En sus du poste de la présidence de la République qui a été au cœur des débats, l’actualité politique cette semaine a été largement dominée par la nomination de Shamila Sonah-Ori à  l’Electoral Service Commission et à  l’Electoral Boundaries Commission, suivie de son désistement par la suite. Alors que l’opposition parlementaire contestait cette nomination par le président de la République par intérim en avancant plusieurs argumentation, le Premier ministre, Pravind Jugnauth, est monté au créneau pour mettre les points sur les «i», voire donner la réplique aux contestataires et détracteurs. Il y a aussi le dossier de la réforme électorale qui avance.  

«D’enn point de vue legal, li pa disqualifier», a lancé Pravind Jugnauth sans ambages, à la presse. Cela avant d’ajouter :«Sa nomination à été faite en consultation avec le président, le leader de l’opposition et moi. C’est le président qui en décidera !» C’était mercredi 30 mai, à la Cyber Tower 1, à Ébène, le Premier ministre répondait,  aux questions de la presse après la célébration de l’anniversaire d’un an d’existence de la mise en place de la Citizen Support Unit,

Liens de parenté

Pravind Jugnauth a soutenu qu’il n’a aucune d’objection à cette nomination, car, dit-il, «tout à été fait, selon les provisions de la Constitution. Donc elle n’est pas disqualifiée!»  Répondant à une question sur sa proximité avec l’avouée, le Premier ministre a révélé que d’autres personnes, à l’instar de Dev Cowreea, Nargis Bundhun…ayant  des liens de parenté avec certains hommes politiques, qui ont été nommés à cette commission.
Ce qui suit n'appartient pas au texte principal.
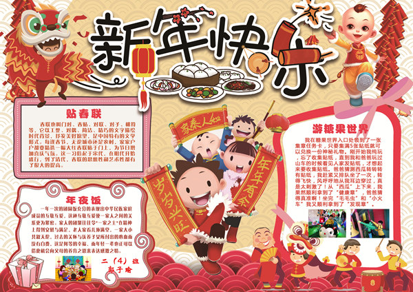 其中一个是春节小报,春节我也过了好几次了,相关的习俗也很清楚了,但今年我却更喜欢放鞭炮了,看来,我的胆也渐渐的长大了。
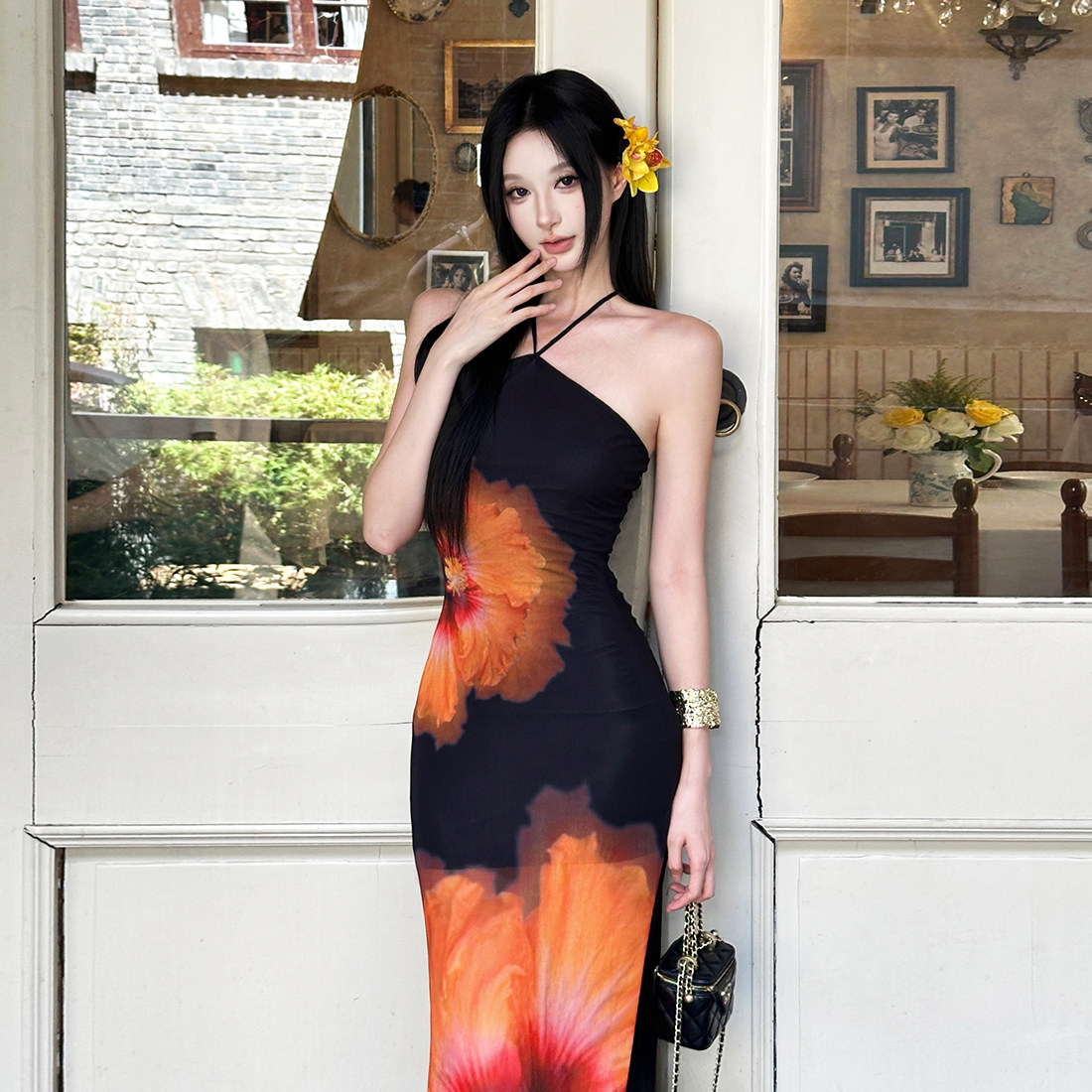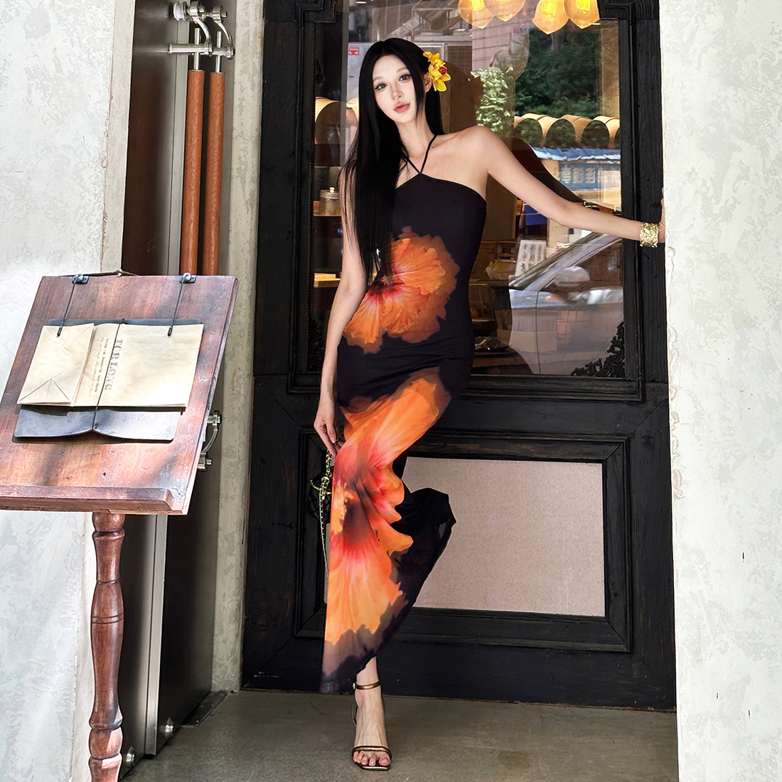 SylCue 辣妹度假风花朵扎染印花显瘦挂脖连衣裙修身百搭包臀长裙
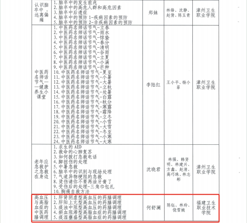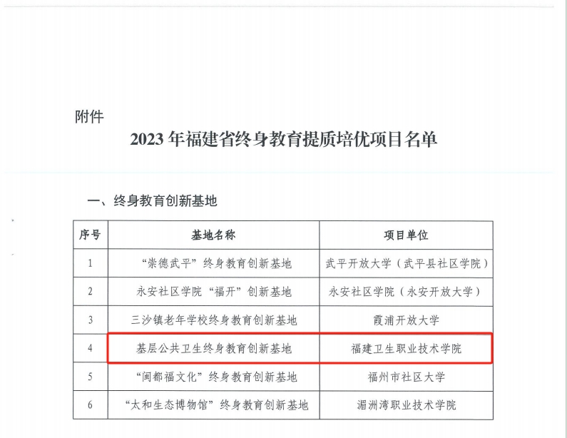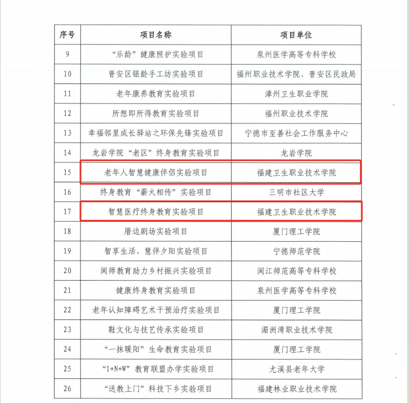 近日,福建省終身教育促進(jìn)委員會公布了2023年福建省終身教育提質(zhì)培優(yōu)項(xiàng)目,我校前期申報(bào)的4個(gè)項(xiàng)目成功入選,其中健康管理系陳愛珍老師申報(bào)的《基層公共衛(wèi)生終身教育創(chuàng)新基地》入選終身教育創(chuàng)新基地;醫(yī)學(xué)院林國威老師申報(bào)的《老年人智慧健康伴侶實(shí)驗(yàn)項(xiàng)目》、醫(yī)學(xué)技術(shù)系鐘偉雄老師申報(bào)的《智慧醫(yī)療終身教育實(shí)驗(yàn)項(xiàng)目》入選終身教育實(shí)驗(yàn)項(xiàng)目;教務(wù)處何舒瀾老師申報(bào)的《高血壓與高脂血癥的中醫(yī)藥膳調(diào)理》入選社區(qū)(老年)教育課程資源。
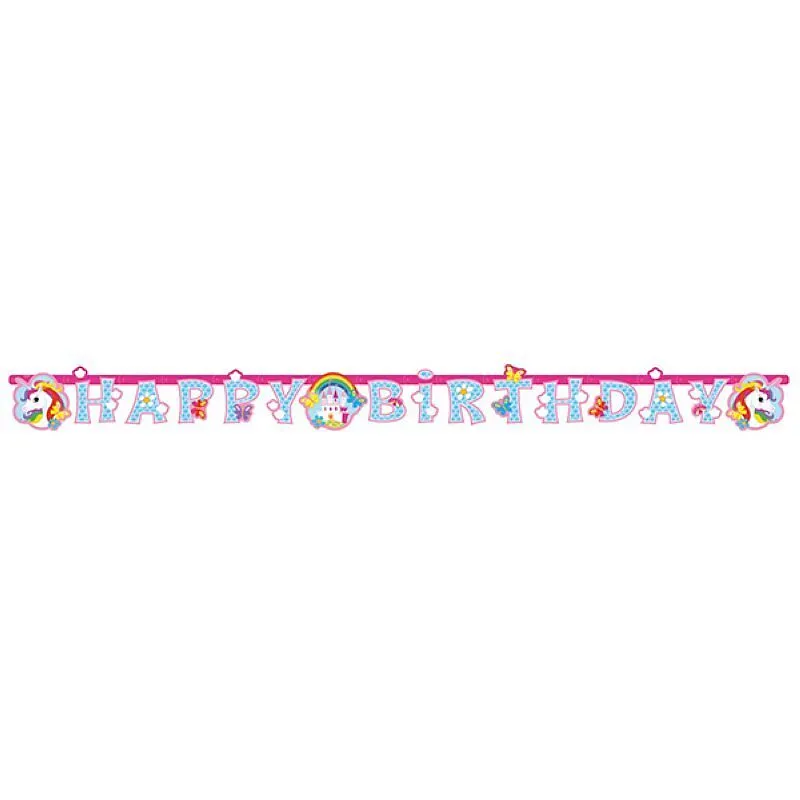 Girlande 180x15cm mit Motiv Einhorn. Mit dieser 1.80 Meter langen Girlande ist die Dekoration zum Fest perfekt.

Il faut dire qu’en conséquence de la prise de position de l’opposition, couplée de virulentes critiques à son égard, le président de la Républque, Barlen Vyapoory a eu une série de consultations avec Xavier-Luc Duval, leader de l’Opposition, Paul Bérenger, leaderd u MMMA lan Ganoo, président du MP, entre autres, dans le cadre de la nomination de Shamila Sonah-Ori.

Mais revirement de la situation, tard dans la soirée de jeudi. Shamila Sonah-Ori, s’est désistée à ce poste. Elle a adressé une lettre dans ce sens au président de la République p.i. Elle s’est insurgée contre une «politisation à outrance» de ce dossier.

Priorités

Le dossier de la réforme électorale a été abordée par le Premier ministre, vendredi 25 mai.  La réforme électorale constitue une de ses «priorités» après la présentation du Budget 2018-2019, le 14 juin prochain.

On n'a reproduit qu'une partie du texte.